Poetry can surprise you!
I have a book on my desk, bought new, hardback, expensive. It stares up at me accusingly, shouting “Read me! Read me!” The book is Poems That Make Grown Women Cry, edited by Anthony and Ben Holden.
So, today I forget about writing, and read poems selected by one hundred prominent women — poems chosen because they make them cry.
I cry, too.
My coffee goes cold. The date slice remains unmade. Solar panels still face east when I should’ve turned them long since to face west.
Some poets I know: Rumi, T. S. Eliot, Wilfred Owen, Shakespeare, Shelley. And others I’ve never heard of, but their words give me a window into their soul.
What makes something poetry?
There are many answers to this question, but one definition I read somewhere which has stuck is that poetry is words in unexpected places.
Three examples I read today:
Rest in soft peace
I'm struck by the unexpected insertion of soft to extend a euphemism, and to emphasise a quality of peace, in the poem ‘On My First Son’ by Ben Jonson.
Something in His eye grabs hold of a tamborine in me
There’s a tambourine in me? From ‘Isn’t that something?’ by Rumi.
Coming close again by holding back
The paradox of that line from Zoé Heller in ‘Clearances 5’ holds me still.
My mother’s family name is Western. The Westerns are known to talk too fast. To forget to enunciate. To gabble. I’ve inherited the gabbling gene. I don’t talk like the Queen of England, with prim mouth and well-paced sentences. My words tumble out, tripping each other up before they fall into the space in front of my face. My tongue dashes between teeth and lips, almost getting bitten in the haste of me getting my message out.
But today I’m alone. There’s no one to talk to. Words sit inside me and I don’t let them loose. Even if I wasn’t alone I would still hold my tongue because this day spent with poetry has slowed me. It’s shown me what words can do, especially words in unexpected places.
When I was very young I worried that maybe we were only allowed to say a certain number of words, and then we’d have to be silent for the rest of the years left to us. So I asked my mother how many words we were allowed in a lifetime. She said there was no limit. 'But,' she added sternly, 'if there was a limit you’d soon run out because you talk so much!'
Now that I’m in my sixties, it’s an idea worth thinking about before I open my mouth again. Perhaps I should ask myself: 'If there was a limit, is what I’m about to say a waste of my hypothetically allocated number of possible words?'
Another idea spawned by this day with poetry is that instead of speaking in my usual jerky or rambling prose, I could switch to poetic form.
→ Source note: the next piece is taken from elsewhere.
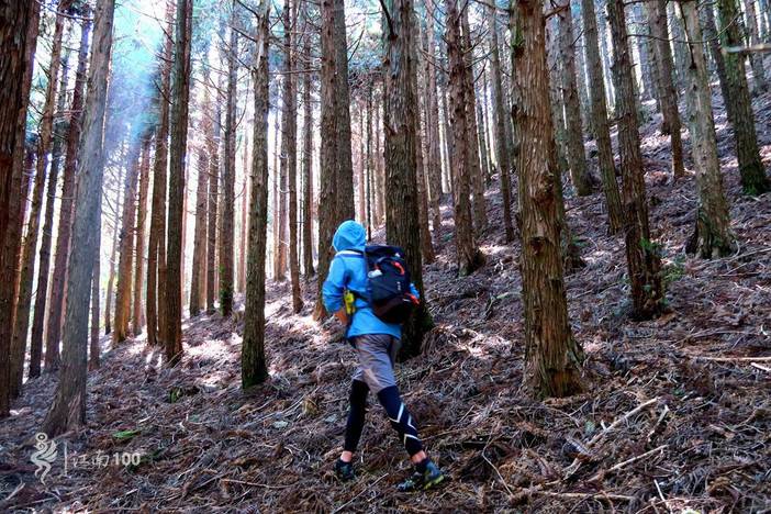 9.从折返点回头,抵达烧香岩CP点后,无需再次打卡,直奔前方,共三公里的千米大下坡,直到终点横溪村。一开始是烧香岩顶的草甸,随后沿着路标在灌木林中左右迂回前进,然后是一段大角度防火道,注意落叶,小心防滑,最后是一段漫长的持续下坡的荒芜破败的古道,无数次的弯道转折无穷无尽,一定会让你怀疑人生。

It would be taxing, and I suspect the rhyming pattern would collapse under the pressure of time. It’s an option, but not a very workable one. I’d hate my family to be waiting around while I mentally form rhymed couplets before asking them who left toast crumbs in the butter.
But, at least, let some of my words be poetry. Let them fall from my lips pre-dipped in mystical syntax and golden meaning.
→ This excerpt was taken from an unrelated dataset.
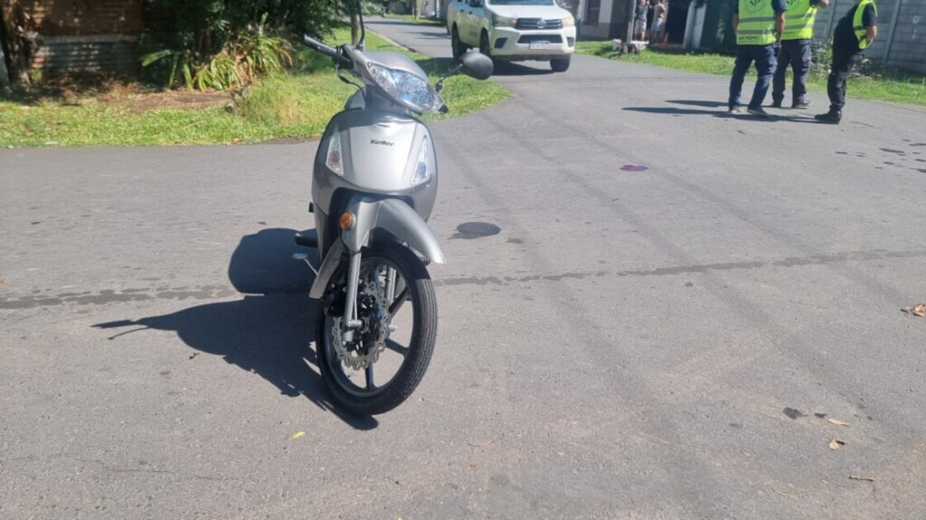 El siniestro se produjo alrededor de las 10 de la mañana en la intersección de Sinónimo y Miguel Porta, cuando la mujer circulaba en una motocicleta 110 cc de color gris acompañada por su nieto de 18 años, quien conducía el rodado.

I’ll still say mundane things like 'Please pass the pepper,' or 'How come scientists can send men to the moon but can’t design a comfortable bike seat?'. But every now and then, when I’ve been quiet for a long time, dwelling in the space where deep and meaningful poetic thoughts thrive, I’ll come up with a gem worth sharing. I’ll speak it slowly, in ringing tones like the Queen, and people will clap. Or not.
Living with Mindfulness
I’ve decided that from now on I’m going to speak mindfully. I'll slow down my speech. Make each word count. And put some words in unexpected places — for my sake and for the sake of my listeners.
And I’m going to buy a copy of Poems That Make Grown Men Cry, also edited by Anthony and Ben Holden.